Peters lays into bank's 'voodoo economics'

Winston Peters
Winston Peters
The "voodoo economics" of the Reserve Bank came in for some harsh criticism in Dunedin yesterday by New Zealand First leader Winston Peters.

On the day a Parliamentary inquiry into monetary policy backed off recommending new inflation-busting tools for the Reserve Bank, Mr Peters blamed the bank for the woes affecting the New Zealand economy, and accused governor Alan Bollard of pursuing "blind ideology".

The inquiry by Parliament's finance and expenditure select committee was launched at the height of the housing boom, which fuelled rising interest rates and a high dollar which was damaging exporter returns.

The housing market is now in decline and the associated pressures have also eased.
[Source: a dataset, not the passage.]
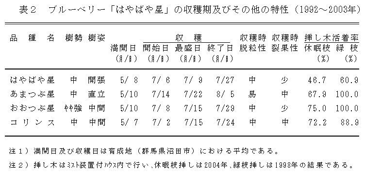 「はやばや星」は「コリンス」または「コビル」の自然交雑実生から選抜育成されたハイブッシュブルーベリーで、育成地において7月上旬に収穫最盛期になる早生品種である。果実は大きく、酸味がやや強く、食味は濃厚である。 |

The report said the committee heard extensive evidence on a variety of alternatives to the official cash rate (OCR) - the Reserve Bank's main inflation-fighting instrument - including a mortgage interest rate levy, an interest-linked savings scheme and a capital gains tax.
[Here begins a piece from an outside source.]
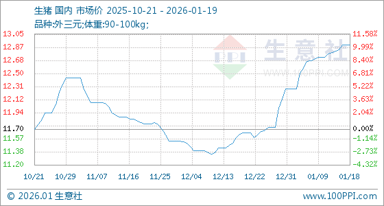 1月19日生意社生猪基准价为12.90元/公斤
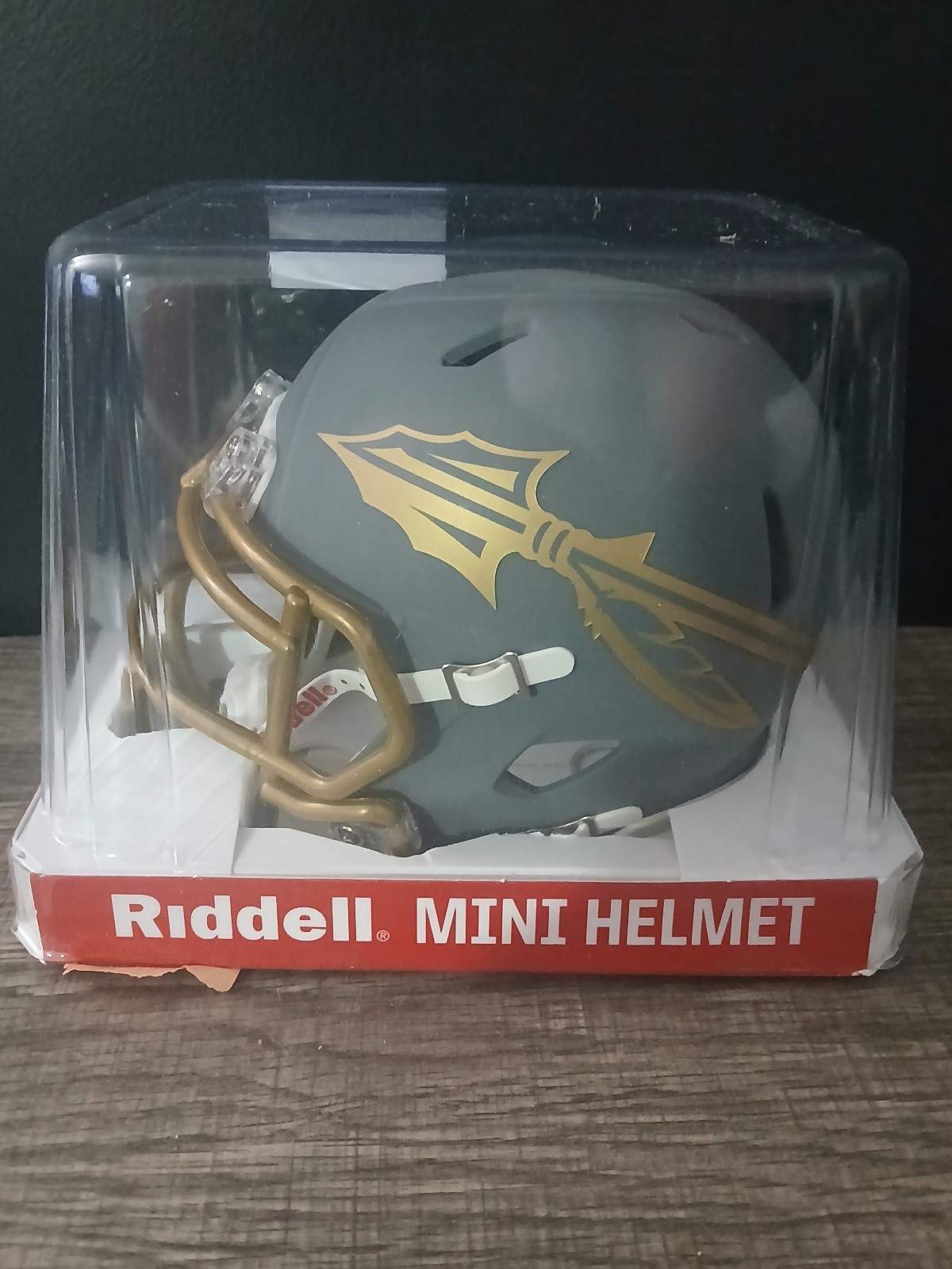 Riddell Florida State Seminoles Slate Signer By Dexter Jackson The "Slate Collection Mini Helmet" features a flat gray shell with gold or silver facemasks and decals. Beckett Authentication Certification Verification

But it did not find "the arguments in their favour compelling enough to support them being pursued further at this time".

Mr Peters said the Reserve Bank Act had resulted in New Zealanders paying the highest interest rates in the Western world and no-one could explain why.

High interest rates kept the kiwi unsustainably high and although it had fallen recently, it should be lower.

Farmers and exporters were suffering yet they continued to support political parties who supported the Act.

"A huge vacuum cleaner is extracting money out of your pockets to go to foreign banks," he told 30 people attending the Otago Chamber of Commerce meet the leaders meeting.

NZ First would introduce its "Talfanz" (the alternative for all New Zealanders) policy if it was part of the next government rather than see exporters - the most important part of the economy - suffer at the hands of the Reserve Bank Act.

Asked by National Party Dunedin North candidate Michael Woodhouse what the party had done in the past three years to change the Act, Mr Peters said NZ First had instigated the inquiry by the finance and expenditure select committee into the Act.

Mr Woodhouse later told the Otago Daily Times that review was introduced by Finance Minister Michael Cullen.

Mr Peters was joined in his criticism of current monetary policy by the New Zealand Manufacturers and Exporters Association and the Engineering, Printing and Manufacturing Union.

Association chief executive John Walley said the select committee had missed the point.

"Currently, our monetary policy has a sole focus on inflation control, and the Reserve Bank uses interest rates to effect that control.

"As the select committee pointed out, the effect of this policy on the exchange rate is problematic, but they seemed confused about alternatives."

Submissions to the committee fell into two camps - those wedded to the status quo and the "real economy" that was suffering a protracted overvaluation of the exchange rate.

It was clear to whom the select committee chose to listen and as a result the tradeable sector would continue to be hammered, he said.

EPMU national secretary Andrew Little said the decision to keep the current monetarist model was a disservice to New Zealand.

"Using interest rates to control inflation only leads to a high dollar which in turns leads to our export manufacturing being priced out of the global market."

Even though the OCR was finally coming down, New Zealand had seen years of productive manufacturing suffer from monetary policy focused on attempts to control inflation in unproductive areas of the economy, such as property speculation, he said.

In regard to housing, the report recommended cutting planning red tape and investigating "land banking" by developers.

It also recommended adequate infrastructure development to reduce economic bottlenecks and boost non-inflationary growth and a sharp policy focus on productivity for the same reason.

The report included a minority view from NZ First that the Reserve Bank should take into account additional factors such as employment, export competitiveness and the exchange rate when setting the OCR.

At present, the bank has a narrow focus on inflation when fixing the OCR.